The estate submitted a report by Stanley H. Fein, P.E. who stated that: “The chairs were not bolted to the floor…The chair had a swivel of 180 degrees to 200 degrees. This was far in excess of the safe amount of swivel.”
Scott Gavin, former security supervisor for the Casino, was deposed and stated that “[p]eople have fallen out of those chairs. We’ve had people just completely miss the chairs, you know. They’ve fallen getting into them…” He later indicated that “I’ve seen people lose their balance, attempt to use the chair to avoid falling over and because the chair swivels they went down.”
The Court found that Jeanine was aware of the swivel chair, and that she could reasonably have been anticipated that she would fall as a result of her actions, relieving the Casino of any liability. In this regard, Jeanine testified that:
A: “I came in. I went over to where I usually play. I call it my favorite machine. I went over and that’s where I played. It was the machine next to the end of the row and I usually play there because I do pretty good.”
Q: “Did you make it to that machine without falling or did you fall?”
A: “Yes, I did. I fell when I got to the machine.”
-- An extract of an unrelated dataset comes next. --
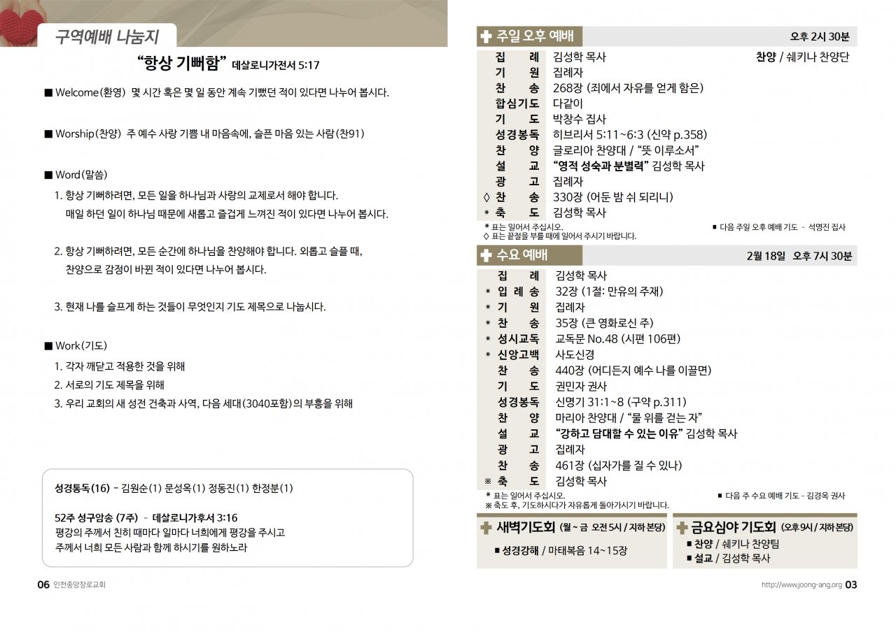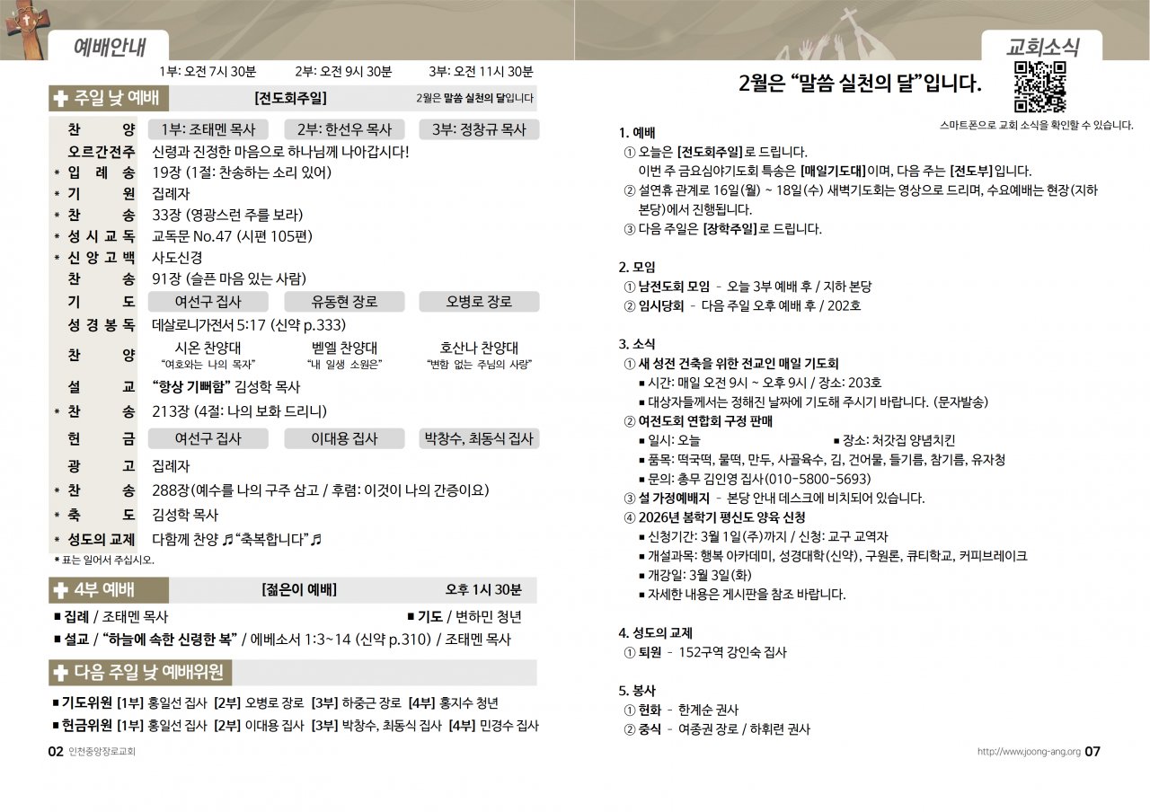 2026년 2월 15일(주) 교회/교우 소식
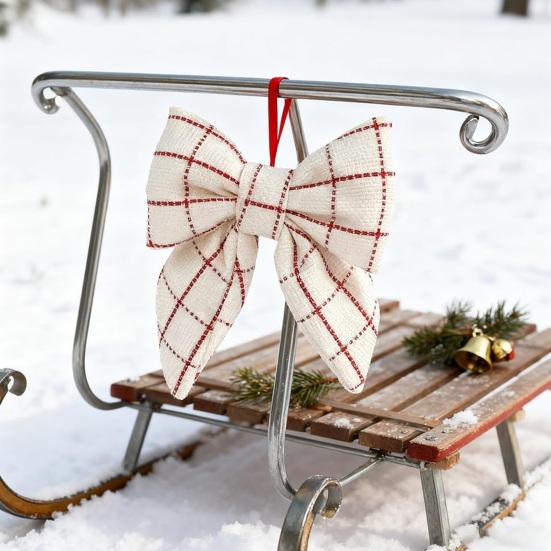 PLAID CHARM: Embrace the timeless allure of the holidays with this decorative bow featuring a classic red and white plaid design. Its festive colors exude warmth and cheer, elevating the visual appeal of wreaths, trees, and garlands to create an inviting Christmas atmosphere indoors and outdoors.

Q: “What caused you to fall?”
A: “Well, I just went to take a hold of the chair to brace me so I could get in and the chair flew and I flew with the chair.”
Jeanine testified she would have used a handicap accessible machine had they been available at the Casino, but referred to the machine as her favorite. She later indicated that the cause of her fall was the swiveling of the stool that she grabbed. Tyrone Sanders, former security guard for the Casino, who had filled out the Incident Report, wrote that Jeanine said “she tripped and fell from one of the chairs.”
Charles testified that Jeanine mentioned that the man sitting next to her told her to be careful, that “these chairs swivel.” In reviewing the videotape of the incident, he further testified that it looked as if his wife put her purse onto one of the swivel chairs, then put her hand on the back of the chair and then fell. However, he also testified that he and his wife went to the Casino once a month for the ten years prior to this incident and that about a year before the accident the couple went to the Casino twice a month. He explained that Jeanine would play the slot machines and they would stay five hours. He stated she also had a favorite chair which happened to be the same chair involved in the incident.
The Court noted that there was no duty to protect or warn against an open and obvious condition which, as a matter of law, was not inherently dangerous. The Court found, based on the facts of the case, that there was no duty to inform or warn Jeanine of the open and obvious condition of a swivel chair not bolted to the ground that she herself has used for over a decade without incident to her. A swivel chair in itself was not inherently dangerous. She was well aware of what chairs the Casino had and the foreseeable risk of falling, when she leaned against the swivel chair. The evidence was clear and undisputed.
The Casino’s motion for summary judgment dismissing the complaint was granted.